Requirement – Pictures aside, quote the whole listing exactly.

Given records –
_ _ _ _ _ _ _

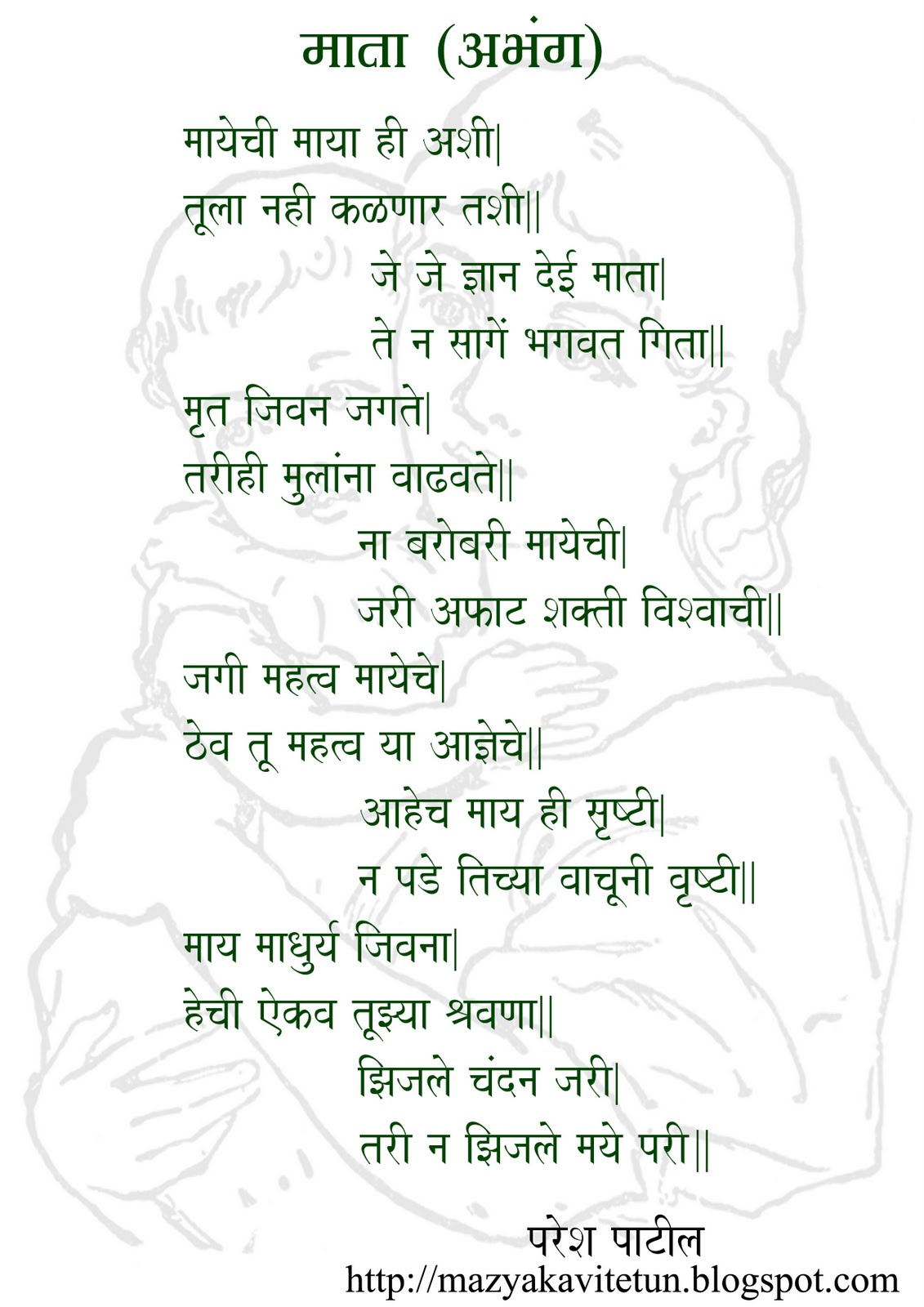 Devotional Poems, Life Poems, Love Poemsमाता – अभंग (Mother) January 5, 2012August 10, 2024 Paresh Patil aaiaai tuza aashirvadaaicha kalijaaichi mayaaayushyavar bolu kahimamatamammimarathi kavitamarathi poemmatamayechi mayamaze babamazi aaimotherpriya aaisshamchi aai
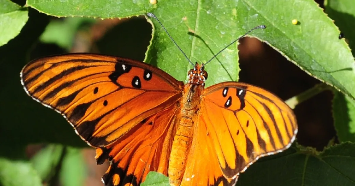 This particular Gulf Fritillary landed on its host plant, a passion flower vine (Passiflora) last Sunday and then fluttered off, only to be replaced by scores of others. They were laying eggs on the plant.
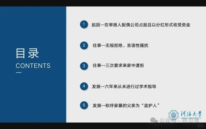 近日,在河海大学读博的李某某实名举报其博士生导师周某某与自己配偶存在利益往来,以及对她进行言语性骚扰等问题。
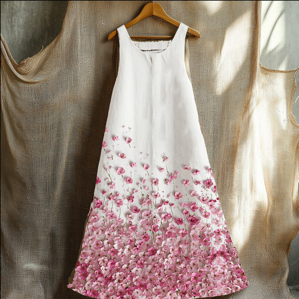 Women's Vintage Oil Painting Floral Art Contrast Color Linen Sleeveless Dress
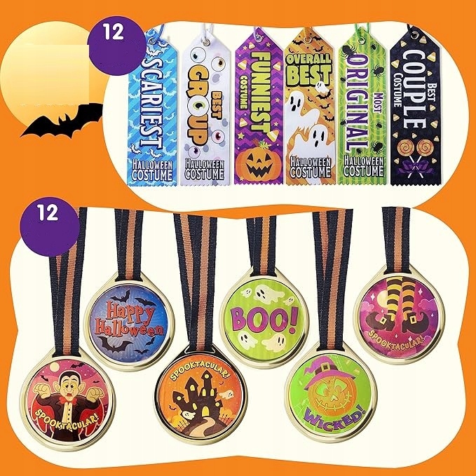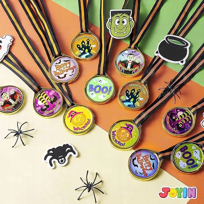 - Тематический дизайн – Каждая медаль украшена мотивами тыквы и летучих мышей, что идеально соответствует настроению Хэллоуина.
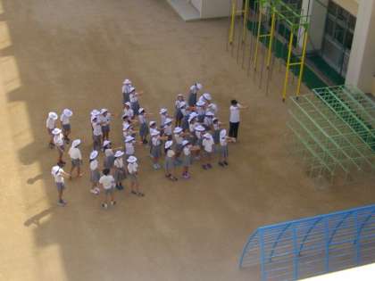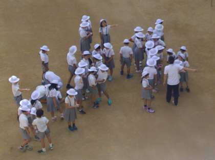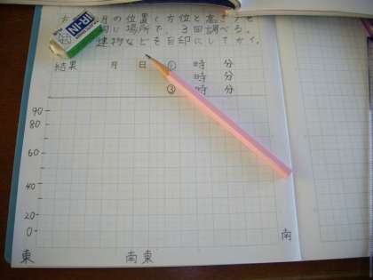 金曜日の月の観察にそなえて、ノートに方位と高さを書きこみ、高さのはかり方を練習しました。目の高さに0度の手を合わせて下がらないように高さをはかります。

_ _ _ _ _ _ _

Solution –
 Devotional Poems, Life Poems, Love Poemsमाता – अभंग (Mother) January 5, 2012August 10, 2024 Paresh Patil aaiaai tuza aashirvadaaicha kalijaaichi mayaaayushyavar bolu kahimamatamammimarathi kavitamarathi poemmatamayechi mayamaze babamazi aaimotherpriya aaisshamchi aai
 This particular Gulf Fritillary landed on its host plant, a passion flower vine (Passiflora) last Sunday and then fluttered off, only to be replaced by scores of others. They were laying eggs on the plant.
 近日,在河海大学读博的李某某实名举报其博士生导师周某某与自己配偶存在利益往来,以及对她进行言语性骚扰等问题。
 Women's Vintage Oil Painting Floral Art Contrast Color Linen Sleeveless Dress
 - Тематический дизайн – Каждая медаль украшена мотивами тыквы и летучих мышей, что идеально соответствует настроению Хэллоуина.
 金曜日の月の観察にそなえて、ノートに方位と高さを書きこみ、高さのはかり方を練習しました。目の高さに0度の手を合わせて下がらないように高さをはかります。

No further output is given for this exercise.